45. 開始細胞がレシピエントから採取されたものである、請求項１、１９、４１または４２に記載の方法。
46. 次のステップｄ）：
    ｄ）ステップｃ）の前記ＮＰＣを、コーティングされていない超低接着プレートに移すことにより増やすステップ
    をさらに含む、請求項１または１９に記載の方法。
47. ６ウェル培養プレートを使用し、前記トランスフェクションの用量が、約１０ｎｇ／細胞運命因子〜約２００ｎｇ／細胞運命因子のｍＲＮＡの用量である、請求項２７に記載の方法。
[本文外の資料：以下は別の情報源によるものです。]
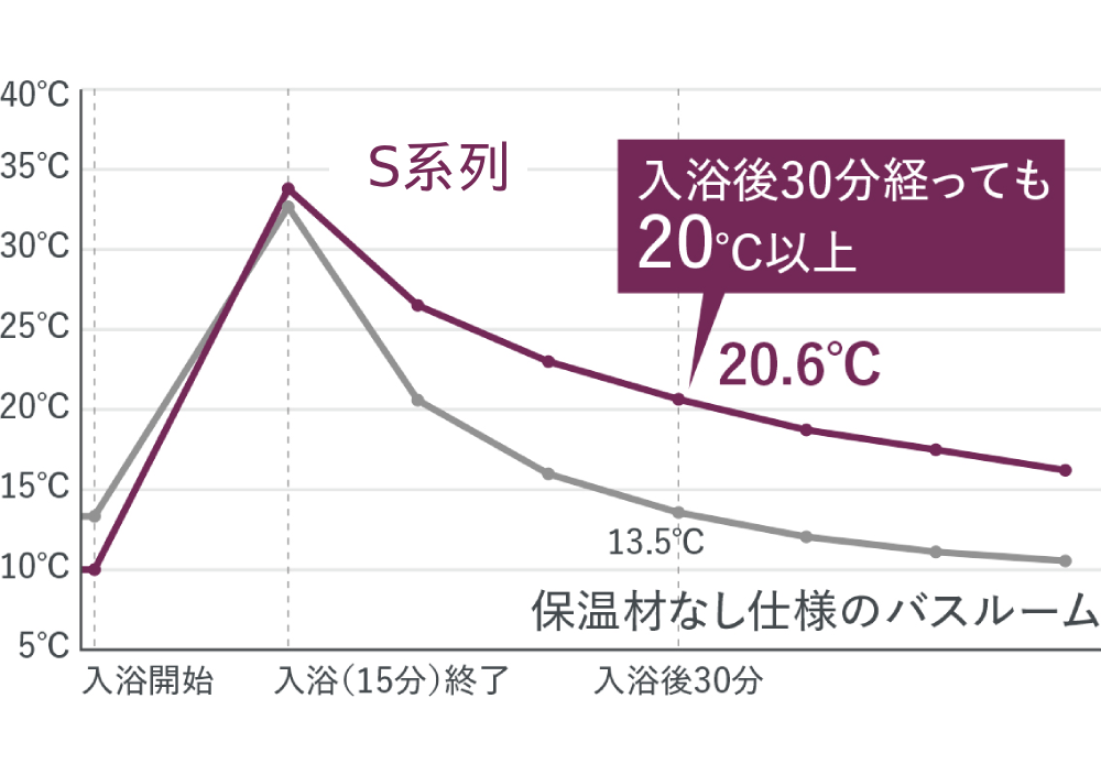 壁板 新開發的牆板,與傳統產品相比,成功縮小了 11 毫米,同時保持了浴室內的高隔熱性能。 |

48. ステップｃ）の前記細胞を、約４〜約２０日間培養する、請求項１９に記載の方法。
49. 有効量の請求項１に記載のＮＰＣを、細胞または組織をｉｎ ｖｉｖｏで再生させることを必要とする対象に投与するステップであって、前記ＮＰＣが、ｉｎ ｖｉｖｏ環境において移植または投与後に形質転換し、これにより前記細胞または組織を再生させる、ステップを含む、細胞または組織をｉｎ ｖｉｖｏで再生させるための方法。
50. 請求項１に記載のＮＰＣを含む医薬組成物。
51. 請求項５０に記載の医薬組成物および使用のための指示を含むキット。